WORK ITEM:
Starting with the line that has "Available requirement: blister" and finishing with the line that has "Solução: Solução 20148: Na", set down each line below exactly. Pictures are not copied.
*** Opening WORKING DATA ***
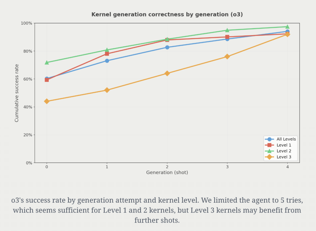 实验表明,正确性会随着尝试次数的增加而提升。以o3为例:第一次尝试就有约60%的概率得到可用实现,到第5次尝试时可用实现比例达到94%。
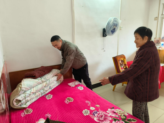 本次活动聚焦敬老院老人的生活所需与健康所盼,以贴心服务传递了满满的重阳暖意。街道主要负责人带领工作人员亲手将爱心物资递到老人手中,轻声道上“重阳安康”的祝福。接过沉甸甸的物资,老人们眼角眉梢都漾起了欣慰笑容。机关一支部党员则与平城社会服务中心社工组建起志愿服务队,分头走进老人宿舍开展内务整理。有的细心叠好被褥,有的弯腰清理角落杂物,指尖的温度顺着一件件小事,传递着最真切的敬老之情。宿舍外的临时理发点前也排起了小队,理发师带着专业工具耐心服务,一边询问老人的发型偏好,一边细心修剪头发。刚理完发的刘爷爷对着镜子端详道:“师傅手艺真好,这是我最喜欢的重阳礼物!”
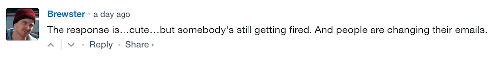 相信雖然郵件被公開,對一向注重隱私的名人來說都會感到憤怒不自在,但艾瑪史東以非常靈敏的回應,替福斯影業解決了問題,不過也有網友開玩笑的表示:「艾瑪史東的回應超可愛,但有人即將要被 Fire了!」這次的事件又再次讓大家看見艾瑪史東真的是人美、EQ 也超高!
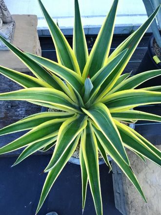 アガベ・デスメティアナ(ベネゼイラ・アガベ)の覆輪品種のかわり種で深いイエローが綺麗。
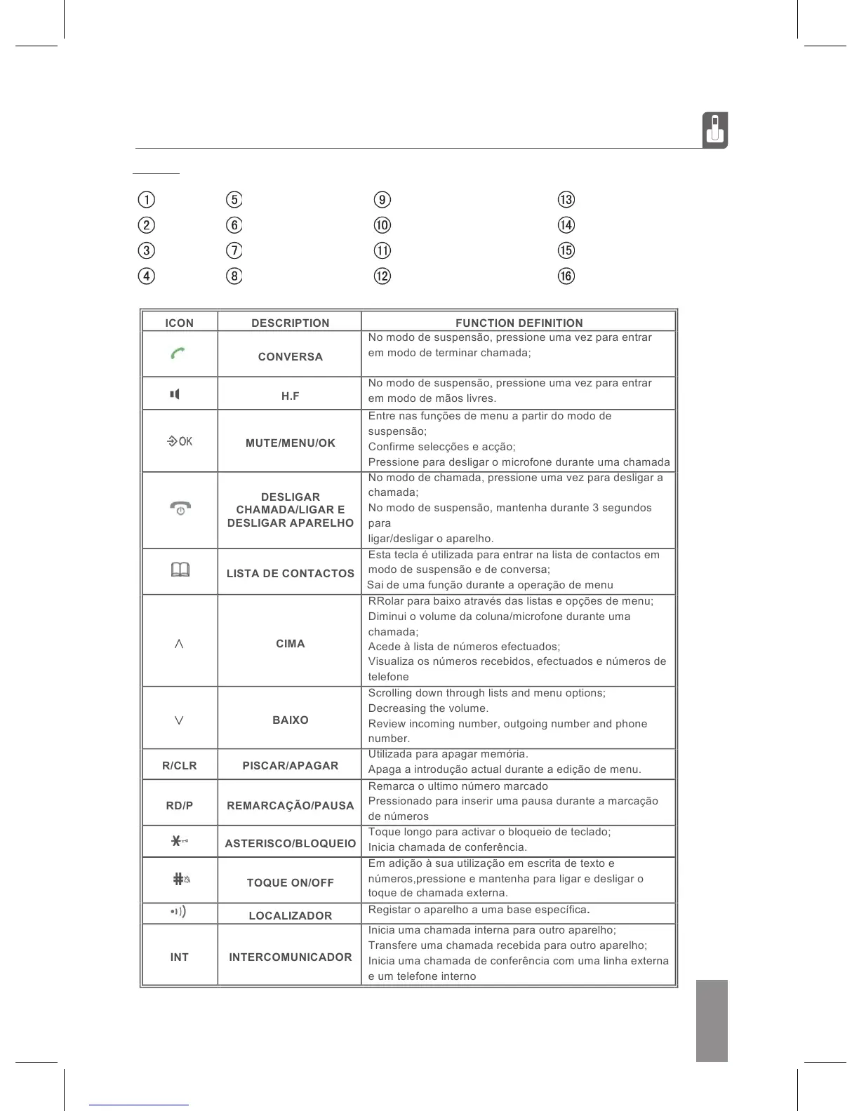 números,pressione e mantenha para ligar e desligar o
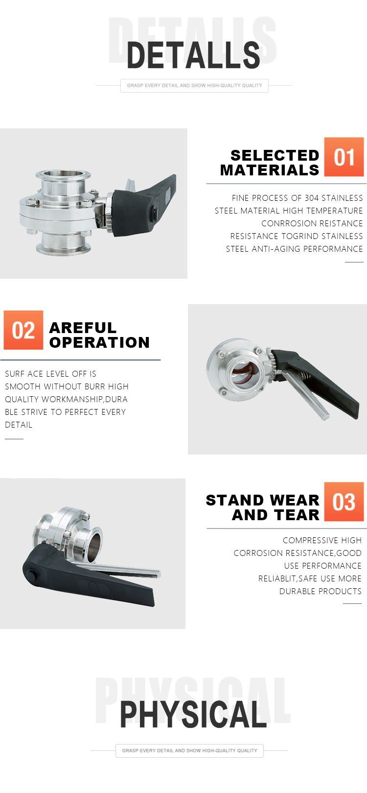 Available requirement: blister packing for every piece of product, plastic caps for clamp connected products.
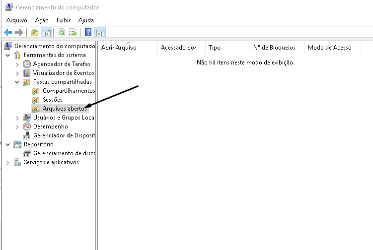 Solução: Solução 20148: Na tela Gerenciamento do computador, item de menu ferramentas do sistema > pastas compartilhadas > arquivos abertos, vide anexo, apagar o arquivo txt de marcações que consta como aberto.
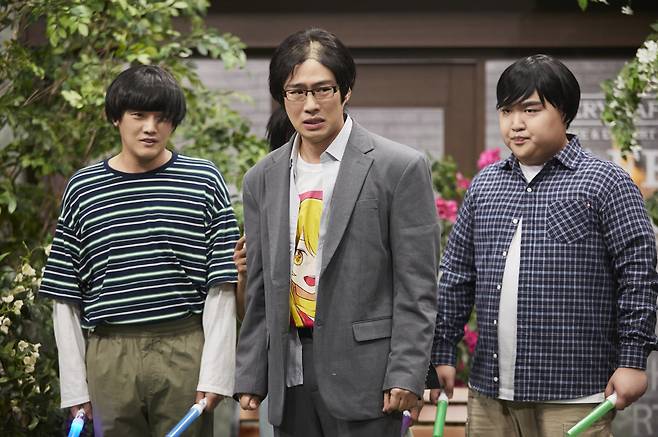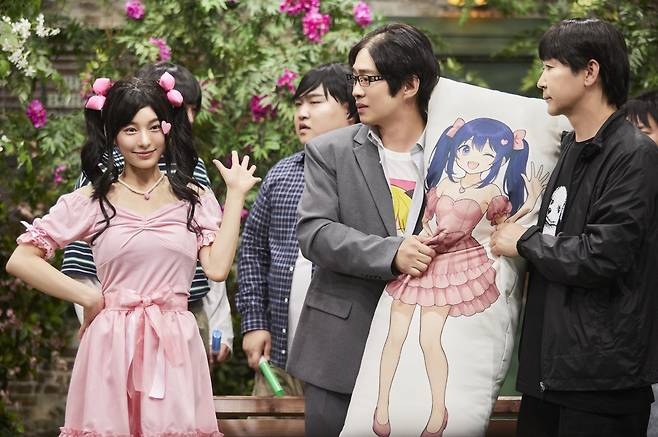 안재홍의 파격적인 비주얼과 신들린 활약은, 드라마 '마스크걸' 속 '주오남' 캐릭터를 'SNL 코리아'만의 감성과 스타일로 재해석한 코너에서 정점을 찍었다. 탈모 가발을 쓰고 등장한 안재홍은, 만화 캐릭터가 프린트된 대형 쿠션을 '아내'라 부르며 신동엽과 사랑 대결을 벌이는 '오타쿠' 연기로 폭소를 자아냈다. 이어 쿠션 속 캐릭터에게 진지하게 사랑을 고백하던 중, 현실에서 그 캐릭터와 똑같은 비주얼을 지닌 아라타 모모코가 등장하자, 안재홍과 신동엽은 태세를 전환하며 환상의 티키타카를 펼쳐내 또 한 번 웃음을 터뜨렸다.
*** Closing WORKING DATA ***
PROBLEM SOLUTION:
 Available requirement: blister packing for every piece of product, plastic caps for clamp connected products.
 Solução: Solução 20148: Na tela Gerenciamento do computador, item de menu ferramentas do sistema > pastas compartilhadas > arquivos abertos, vide anexo, apagar o arquivo txt de marcações que consta como aberto.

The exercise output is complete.